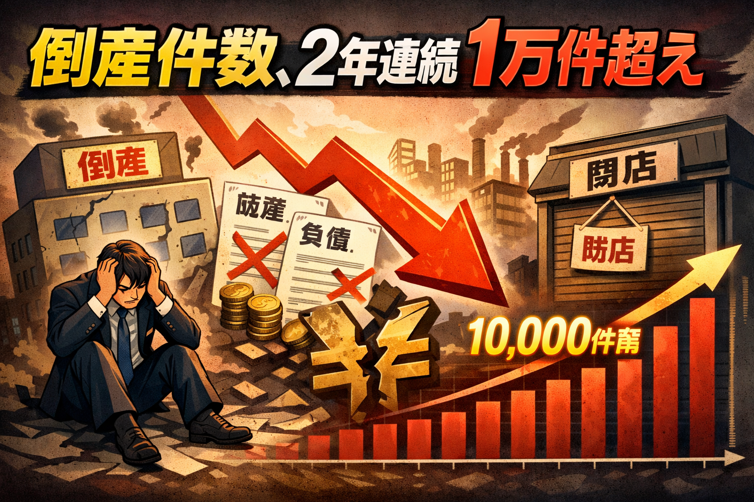 「倒産件数、2年連続1万件超えるも…」
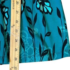 Y2K Teal Floral Blouse with Black Accents Baby Doll Empire Waist Medium 🖤
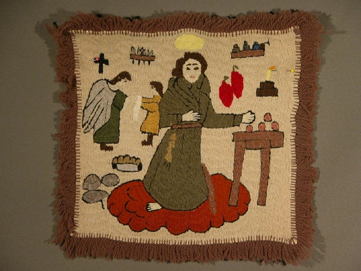 Adjacent rooms within the museum proudly displayed their collections: Native American and Hispanic jewelry, pottery, and other religious artwork, each with captions stating dates, locations, and origins. The lighting in each room and display was soft, inviting. A bowl created at Santa Clara Pueblo. A retablo depicting San Juan and San Isidro.
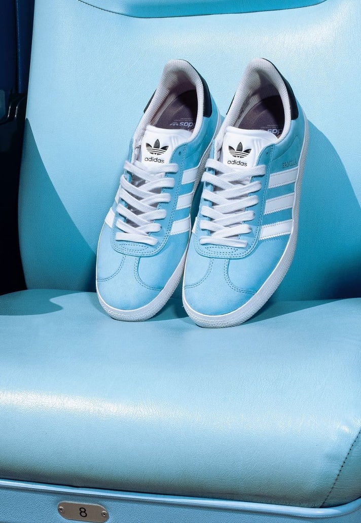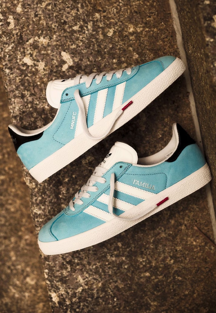 Minnesota skate brand Familia has an indoor skate park that is said to be one of the best in the Northern United States. It’s an integral part of what is a thriving skate scene in the region, and so this collaboration feels like a natural fit. The highlight of the drop is the Gazelle ADV, a skate version of the classic silhouette, which arrives in club colours with nubuck and suede detailing. Debossed “MNUFC” and “Familia” lettering sit on the right and left shoes respectively, running parallel to the traditionally positioned white Three Stripes. A ribbed white tongue is topped with a Trefoil logo in black, and that’s joined by a black leather heel tab featuring the stylised Familia branding. The insoles then feature dual Familia and adidas branding.

-.-.-

WHAT TO WORK ON
Start with the line above containing "Y2K Teal Floral" and end with the line containing "Adjacent rooms within". Set down that stretch exactly, without any pictures.

EXERCISE OUTPUT
 Y2K Teal Floral Blouse with Black Accents Baby Doll Empire Waist Medium 🖤
 Adjacent rooms within the museum proudly displayed their collections: Native American and Hispanic jewelry, pottery, and other religious artwork, each with captions stating dates, locations, and origins. The lighting in each room and display was soft, inviting. A bowl created at Santa Clara Pueblo. A retablo depicting San Juan and San Isidro.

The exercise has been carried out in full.